An Improved Attention for Visual Question Answering

Tanzila Rahman; Shih-Han Chou; Leonid Sigal; Giuseppe Carenini

arXiv:2011.02164·cs.CV·June 7, 2021

An Improved Attention for Visual Question Answering

Tanzila Rahman, Shih-Han Chou, Leonid Sigal, Giuseppe Carenini

PDF

1 Repo

TL;DR

This paper introduces an enhanced attention mechanism with an Attention on Attention module within an encoder-decoder framework for Visual Question Answering, significantly improving accuracy on the VQA-v2 benchmark.

Contribution

It proposes a novel Attention on Attention (AoA) module and a multimodal fusion approach, advancing the state-of-the-art in VQA performance.

Findings

01

Achieves state-of-the-art results on VQA-v2 dataset

02

Demonstrates the effectiveness of AoA in capturing complex dependencies

03

Improves multimodal information integration

Abstract

We consider the problem of Visual Question Answering (VQA). Given an image and a free-form, open-ended, question, expressed in natural language, the goal of VQA system is to provide accurate answer to this question with respect to the image. The task is challenging because it requires simultaneous and intricate understanding of both visual and textual information. Attention, which captures intra- and inter-modal dependencies, has emerged as perhaps the most widely used mechanism for addressing these challenges. In this paper, we propose an improved attention-based architecture to solve VQA. We incorporate an Attention on Attention (AoA) module within encoder-decoder framework, which is able to determine the relation between attention results and queries.
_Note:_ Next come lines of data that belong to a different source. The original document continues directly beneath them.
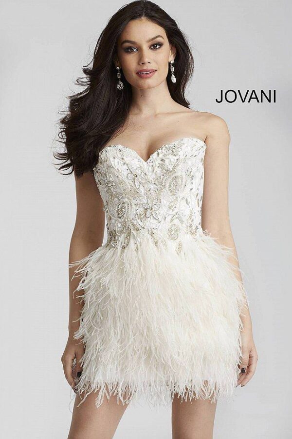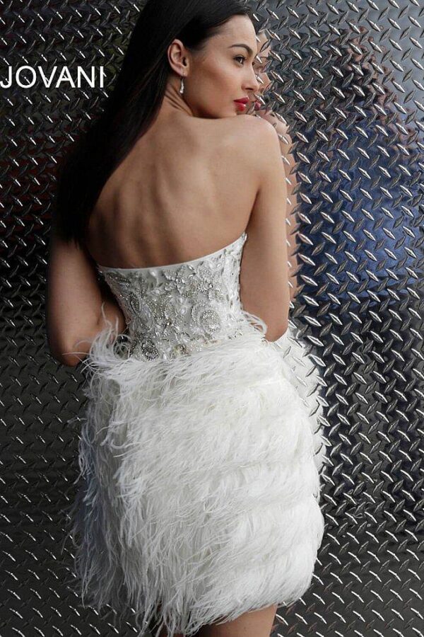 IVORY STRAPLESS FEATHER SHORT DRESS 50122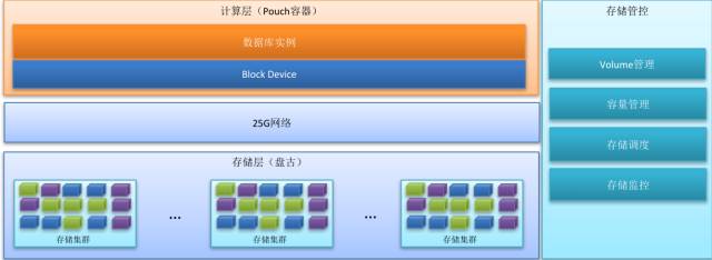 数据库存储计算分离架构如图,包括存储层、网络层和计算层,存储使用阿里自研分布式存储系统-盘古,数据库计算节点则部署在阿里自研容器(Pouch)中,通过25G网络与存储节点连接。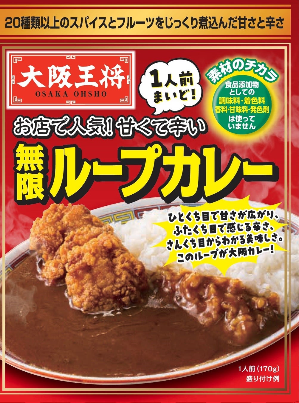 大阪王将では店舗でカレーを販売しています。スパイスの辛さとフルーツの甘さが交差するカレーとして人気のメニューです。この人気のカレーを、ご家庭でも簡単に楽しめる常温商品として開発しました。20種類以上のスパイスを配合したやみつきになる辛さと、バナナやりんごによる深いコクのある甘さが特徴。さらに、牛肉と野菜の旨味が溶け込んだ、複雑でクセになる味わいです。甘さと辛さが交互にやってくる、“無限ループ”カレー。その名の通り、無限に食べたくなるような美味しさをお楽しみいただけます。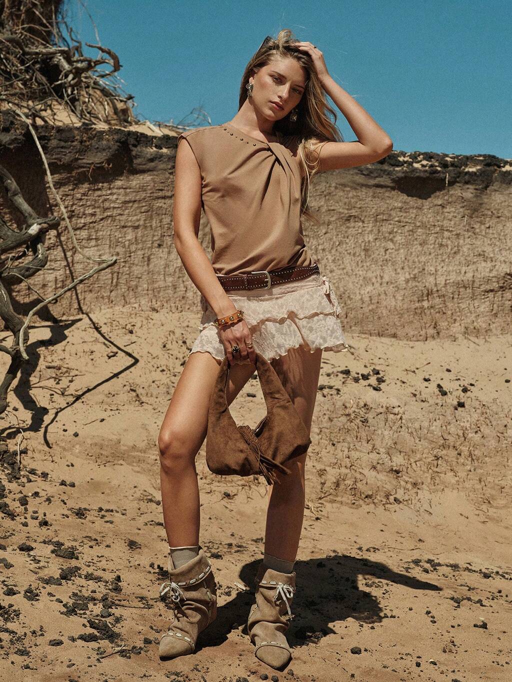 MOTF STUDIO WOMEN'S RIVET TWIST ASYMMETRIC T-SHIRT, SPRING/SUMMER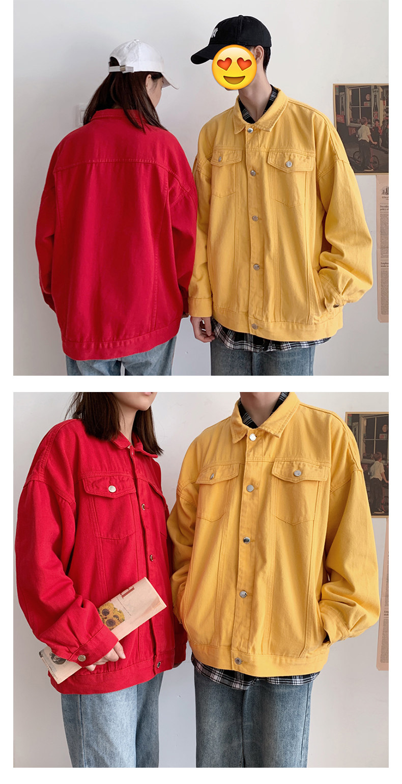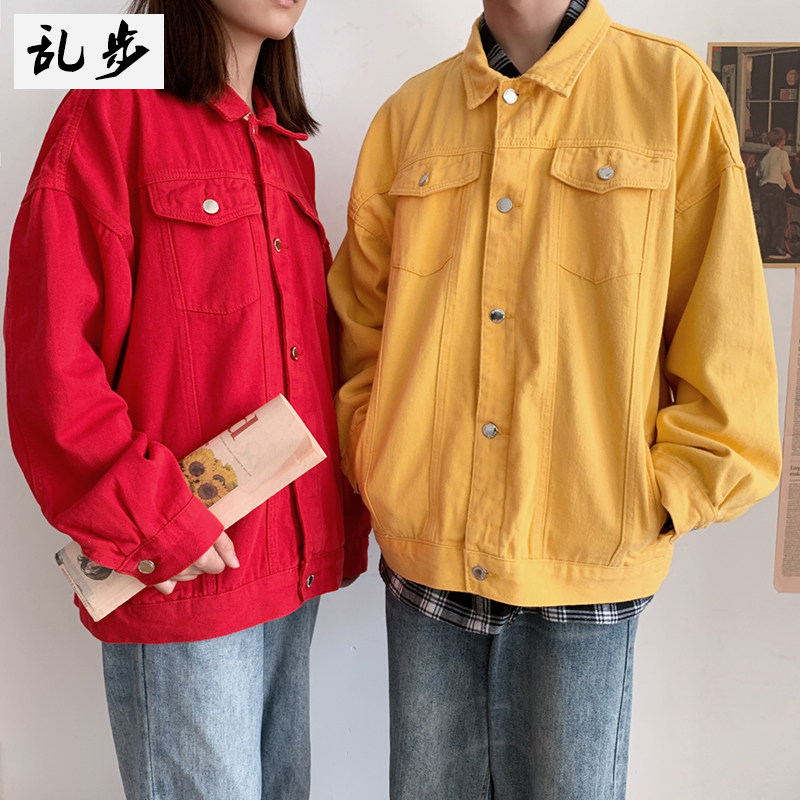 Цветная джинсовая трендовая куртка, парная одежда для отдыха для влюбленных, в корейском стиле

Attention module generates weighted average for each query. On the other hand, AoA module first generates an information vector and an…

Peer Reviews

No public reviews on file for this paper yet. If you reviewed it on a platform where reviews are public (OpenReview, ICLR, NeurIPS, ICML), you can paste yours below so the community can read it here.

Code & Models

Repositories

lucidrains/AoA-pytorch
pytorch

Videos

No videos yet. Explain this paper in a talk, walkthrough, or lecture? Add one.

Taxonomy

Methodsfast speak--How do I Speak to someone at Expedia?